Майклу связали руки и потащили дальше, в самую темень чащи, светлый включил фонарик, а Том схватился за один из концов веревки, другой – остался в руках Крепыша, задачей которого было стоять на месте. Майкл мысленно выдохнул – веревка предназначалась не для него.

– Чуть не забыл, – сказал Артур и, вытащив из кармана платок, завязал Майклу глаза.

– Ну ты псих, – неодобрительно буркнул Том.

Артур сильнее впился в руку Майкла, перед глазами которого мало что изменилось – лес будто соткали из черных нитей. Даже с фонариком мальчикам приходилось ступать почти наугад. Напряженное молчание вспарывали живые звуки леса: трескающиеся под ногами ветки, шорох и гул, раздававшийся неподалеку. Майкла било дрожью от холода и ужаса неизвестности.

– Это мертвецы, – загробным голосом зашептал Артур, – они вылезли из склепа и теперь рыскают по чаще в поисках свежей крови.

– Да нет никаких мертвецов, – буднично отозвался Том.

– Вот об этом наш новый друг нам завтра и расскажет, – заключил Артур.

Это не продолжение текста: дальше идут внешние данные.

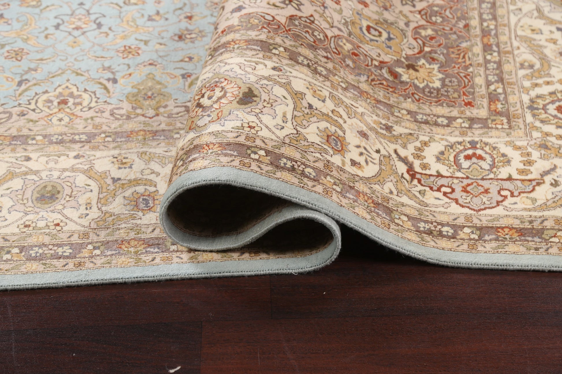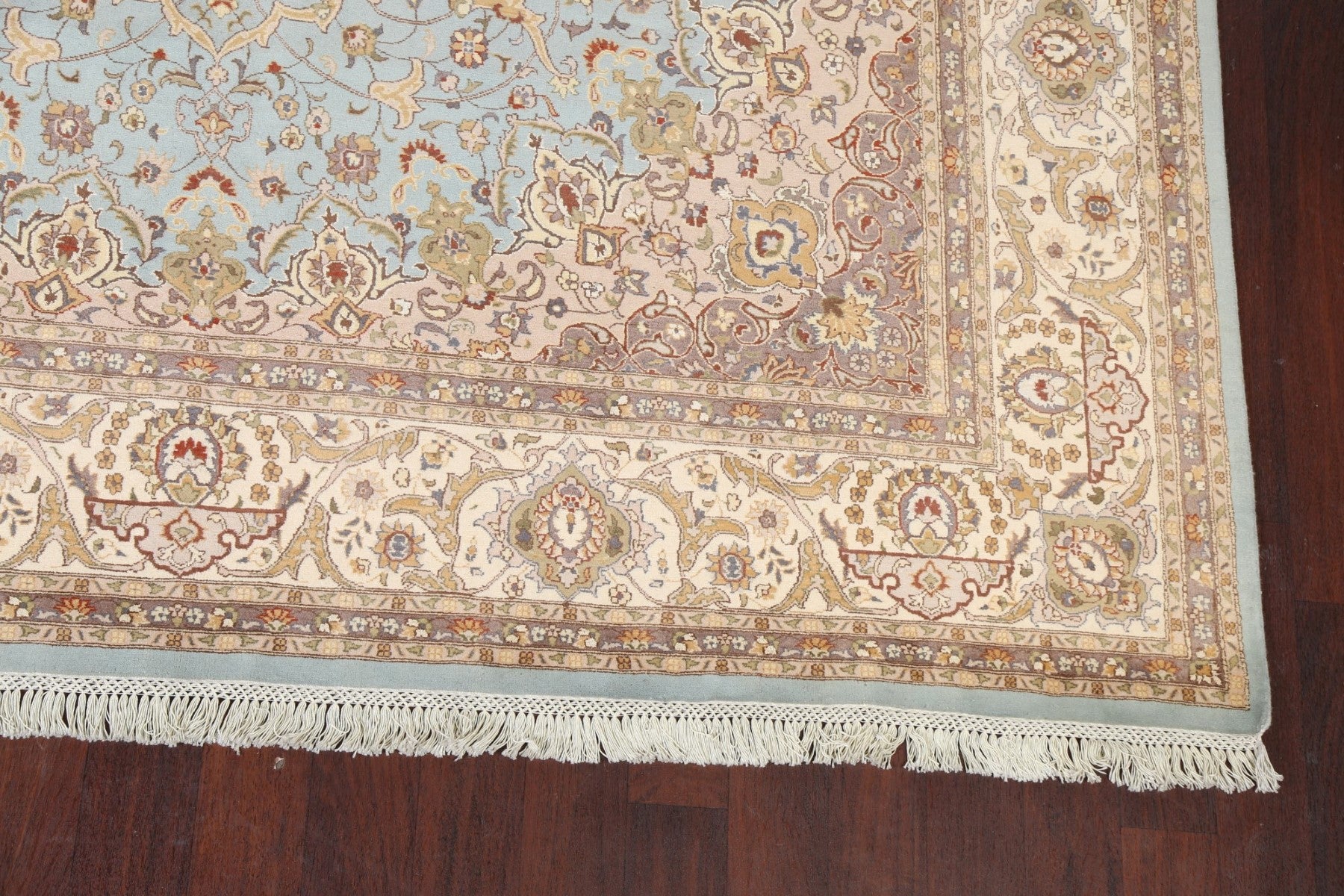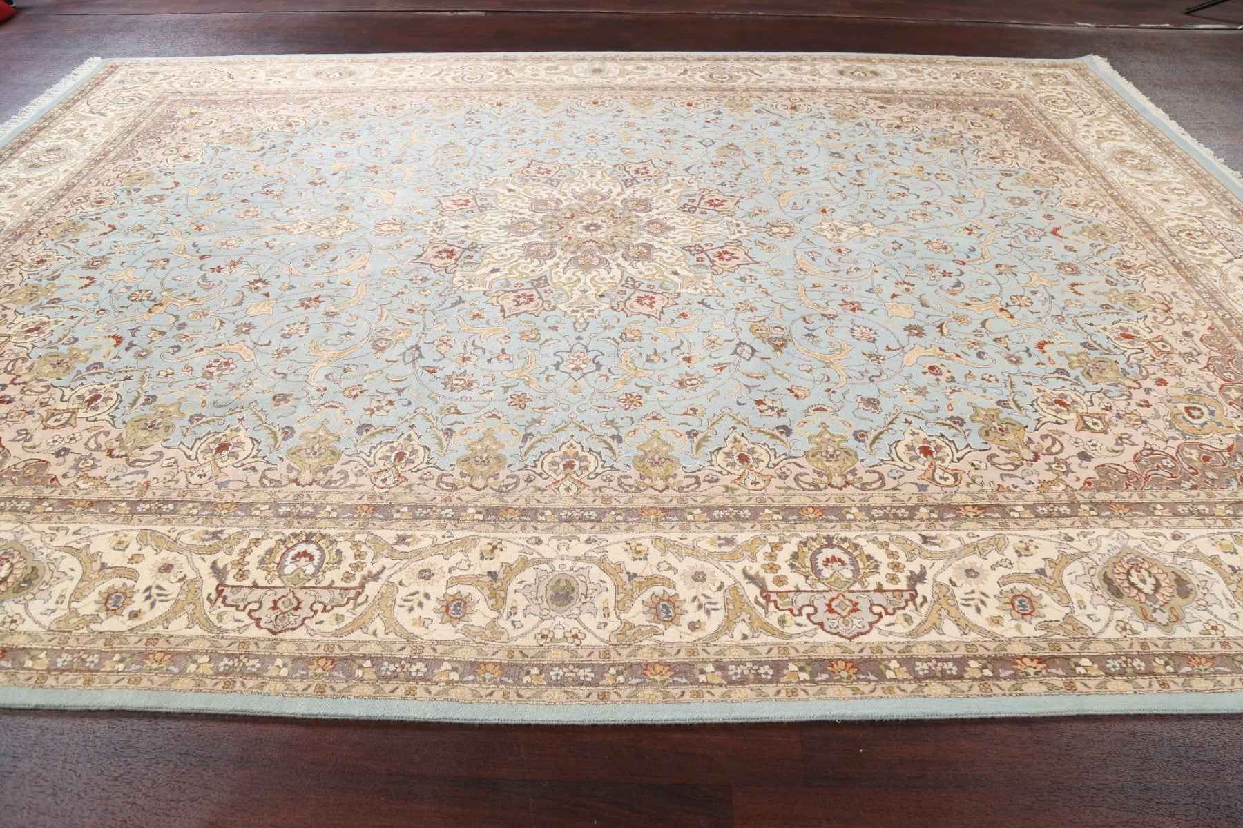 A Beautiful Genuine Pakistan Tabriz rug is Hand Knotted by skillful weavers in Pakistan with 100% Wool Material. This rug is in New, First Quality condition. dimensions are 12' 8'' X 9' 0'' in foot and 386 X 274 in centimeter. the primary color is Navy Blue & Blues.

– Или не завтра, – хохотнул Брент.

– Да, завтра мы его точно не увидим, – подтвердил светлый. – Мой брат говорил, что когда они испытывали одного новичка, лет десять назад, то тот еще три дня бродил по лесу, прежде чем его нашли.

– Да-да, Альберт, все знают, что ты потомственный лидсхолловец, – возмутился Артур, – не обязательно так часто об этом напоминать.

– Просто сказал.

Их разговор едва добирался до испуганных ушей Майкла, острые ветки и иголки кололи через носки, одна из них впилась в правую пятку.

Вдруг мальчики притихли, словно разом приняли обет молчания. Прошла целая вечность в нехорошей тишине, прежде чем раздался голос Брента:

– Долго еще?

– Пока не закончится веревка, – объявил Том.

– Ты что, боишься? – спросил Артур.

– Я же не Крепыш.

– Тогда не задавай глупых вопросов.

Позади плыл шепоток и треск веток.

– Слышали? – шепнул Альберт.

– Это белки, – ответил Том.

– Или мертвецы, – зловеще произнес Артур.

Шорох и треск веток приближались, накатывали тревожной волной. Майкл напрягся и почувствовал, как насторожился Брент, сильнее впившись в его плечо.

– Долго там еще? – не выдержал он.

– Футов пятьдесят, – ответил Том.

Звуки сзади неумолимо надвигались на них. Майкл не сообразил, кто или что их издавало, шорох превратился в рычание. Все остановились и прислушались. Том, державший конец веревки, учащенно задышал, видимо, полагая, что его, идущего в арьергарде, утащат первым.

Артур ослабил хватку и повернулся на звук.

– Эй! – крикнул он. – Кто бы ты ни был, выходи и покажись или прекращай спектакль.

Рык утих, и они отправились дальше. Несколько минут прошло в сковывающей тишине, которая напрягала даже Артура – Майкл ощущал это по тому, как невольно расслаблялась и сжималась рука, обхватившая его плечо.

Внезапно, нарушив напускное спокойствие, с дерева упала толстая ветка, прямо за спинами Майкла, Артура и Брента.

– Куда? Куда пошел?

Крики, гул, хаос – полнейшая растерянность и первобытный ужас вспыхнули на мрачной карте леса. В манере побежденного военачальника Артур с остервенением приказывал Тому остановиться, но тот в испуге уносил ноги, а вместе с ними и веревку – их единственный ориентир. Толкнув Майкла на землю, мальчишки бежали прочь, выцветший Альберт, неразборчиво мыча и кряхтя, увязался за ними.

Майкл, выплюнув тряпку изо рта, отплевывался, чтобы избавиться от привкуса плесени и пыли, после хотел схватиться за узел на затылке, но не дотянулся. Не в силах вернуть зрение, он пробежал несколько футов и спрятался за стволом дерева, хватаясь за звук – ниточку, связывающую его с реальностью. Рык стих, но тишь все еще разрезал треск. Сердце беспокойно колотилось в горле. В голове всплывали самые глупые, впрочем, теперь не такие уж неправдоподобные сцены из фильмов ужасов, в которых его навеки утаскивает в темноту чащи некий монстр; в которых из-за стволов появляется человек с топором; в которых над лесом замирает неопознанный объект и затягивает его, освещая ярким белесым светом.

Шаги размеренно приближались, но не дикие – аккуратные, вдумчивые, человеческие. В Майкла прилетела то ли ветка, то ли сосновая шишка, и он вздрогнул и выставил руки вперед в тщетной попытке защититься, но, как и обещал себе, не закричал, стоически удерживая страх внутри – этому его невольно научил отец.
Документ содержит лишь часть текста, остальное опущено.